Directions for this task – Write out the data again exactly, skipping every picture.

Data to process –
###
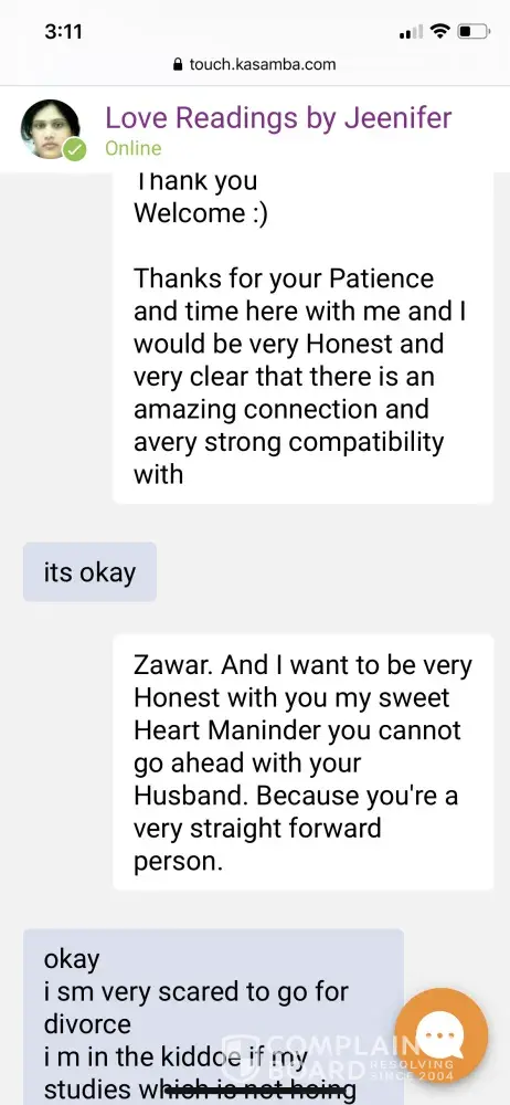 I am very unhappy with Kasamba. Not a single thing has come to fruition that was predicted by any of the number of psychics I spoke to. They all give you the same timelines and say "he will come back" so that you'll keep calling when it doesn't happen. They are all fairy tale predictions. They all said different things that felt like they were guessing. Asked too many questions. Very unhappy with the unprofessional psychics. I trusted them and gave them the benefit of the doubt but all of the timelines and predictions gone by and nothing has been accurate.
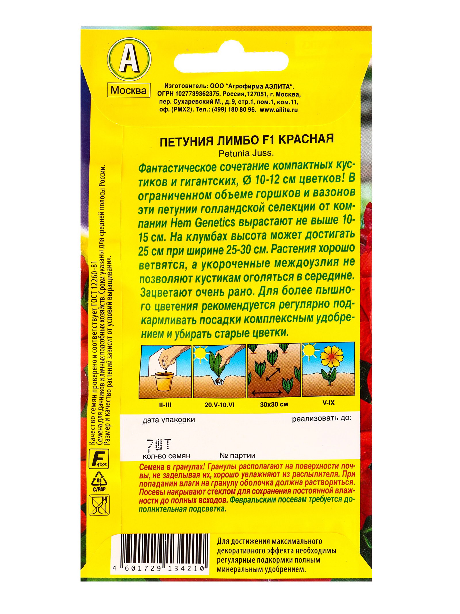 Семена цветов Петуния Лимбо F1 красная крупноцветковая, Агрофирма АЭЛИТА, Индонезия
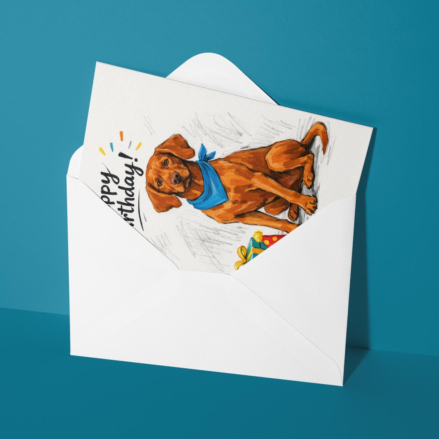 BLANK INTERIOR FOR A PERSONAL TOUCH: Our Dog Breeds Collection - Vizsla Dog - Happy Birthday! card and other whimsical designs feature a blank interior, giving you ample space to write a personal message from the heart. Perfect for any occasion, each card comes with a matching white envelope, making it easy to send your unique sentiments to loved ones.
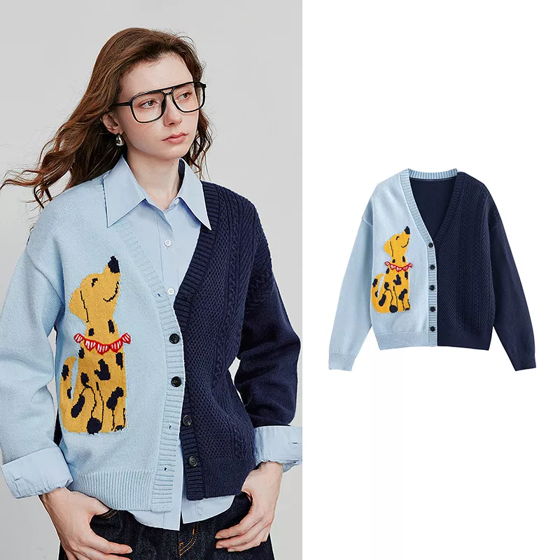 Don’t wait to enhance your wardrobe with this eye-catching cardigan! Invest in our Color-Contrasting Dog Jacquard V-Neck Cardigan today and enjoy the perfect mix of style and comfort. Order now and let your fashion reflect your unique personality this autumn!
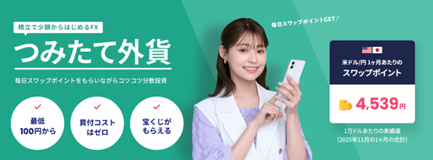 つみたて外貨は、「FXの仕組み」を活用して外貨を積み立てるサービスです。100円からコツコツと積み立てられるため、初心者の方でも取り組みやすく、中長期的な資産運用をご提案できるサービスとなっております。
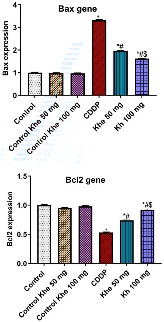 The CDDP group exhibited a significant (p < 0.05) downexpression in the renal expression of the anti-apoptotic marker (Bcl2) and a marked overexpression in the apoptotic marker (Bax) compared to the control groups (Figure 7). On the other hand, the treatment with Khe (50 or 100 mg/kg) showed a significant (p < 0.05) decline in Bax and a significant (p < 0.05) elevation in Bcl2, with a better effect for 100 mg/kg Khe, compared to the CDDP.
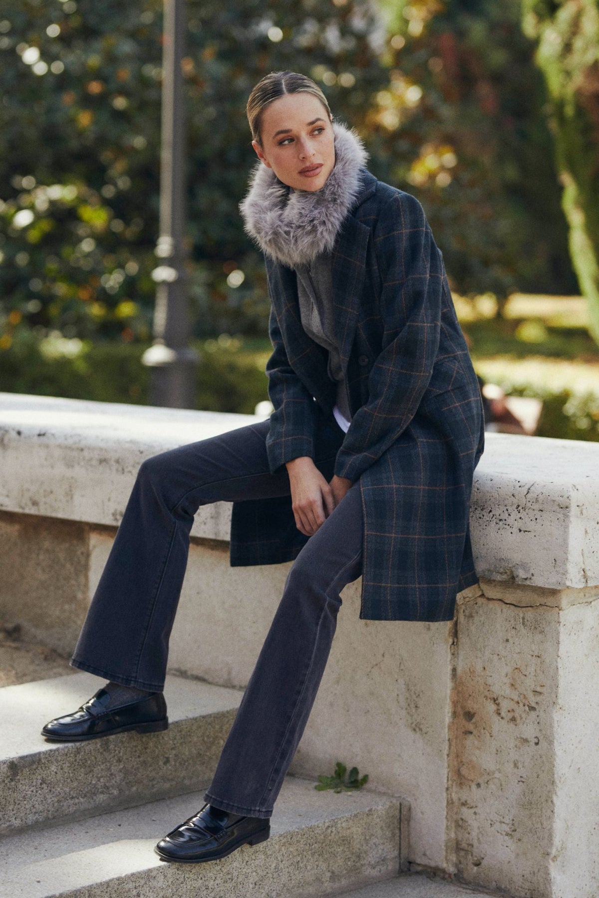 Abrigo largo de paño con estampado de cuadros en tonos azul marino y finas líneas en contraste. De corte recto, presenta cuello con solapas, cierre de doble botonadura y bolsillos con solapa a ambos lados. Su diseño clásico y favorecedor se adapta con facilidad tanto a looks casual como más formales.
###
Exercise output –
 I am very unhappy with Kasamba. Not a single thing has come to fruition that was predicted by any of the number of psychics I spoke to. They all give you the same timelines and say "he will come back" so that you'll keep calling when it doesn't happen. They are all fairy tale predictions. They all said different things that felt like they were guessing. Asked too many questions. Very unhappy with the unprofessional psychics. I trusted them and gave them the benefit of the doubt but all of the timelines and predictions gone by and nothing has been accurate.
 Семена цветов Петуния Лимбо F1 красная крупноцветковая, Агрофирма АЭЛИТА, Индонезия
 BLANK INTERIOR FOR A PERSONAL TOUCH: Our Dog Breeds Collection - Vizsla Dog - Happy Birthday! card and other whimsical designs feature a blank interior, giving you ample space to write a personal message from the heart. Perfect for any occasion, each card comes with a matching white envelope, making it easy to send your unique sentiments to loved ones.
 Don’t wait to enhance your wardrobe with this eye-catching cardigan! Invest in our Color-Contrasting Dog Jacquard V-Neck Cardigan today and enjoy the perfect mix of style and comfort. Order now and let your fashion reflect your unique personality this autumn!
 つみたて外貨は、「FXの仕組み」を活用して外貨を積み立てるサービスです。100円からコツコツと積み立てられるため、初心者の方でも取り組みやすく、中長期的な資産運用をご提案できるサービスとなっております。
 The CDDP group exhibited a significant (p < 0.05) downexpression in the renal expression of the anti-apoptotic marker (Bcl2) and a marked overexpression in the apoptotic marker (Bax) compared to the control groups (Figure 7). On the other hand, the treatment with Khe (50 or 100 mg/kg) showed a significant (p < 0.05) decline in Bax and a significant (p < 0.05) elevation in Bcl2, with a better effect for 100 mg/kg Khe, compared to the CDDP.
 Abrigo largo de paño con estampado de cuadros en tonos azul marino y finas líneas en contraste. De corte recto, presenta cuello con solapas, cierre de doble botonadura y bolsillos con solapa a ambos lados. Su diseño clásico y favorecedor se adapta con facilidad tanto a looks casual como más formales.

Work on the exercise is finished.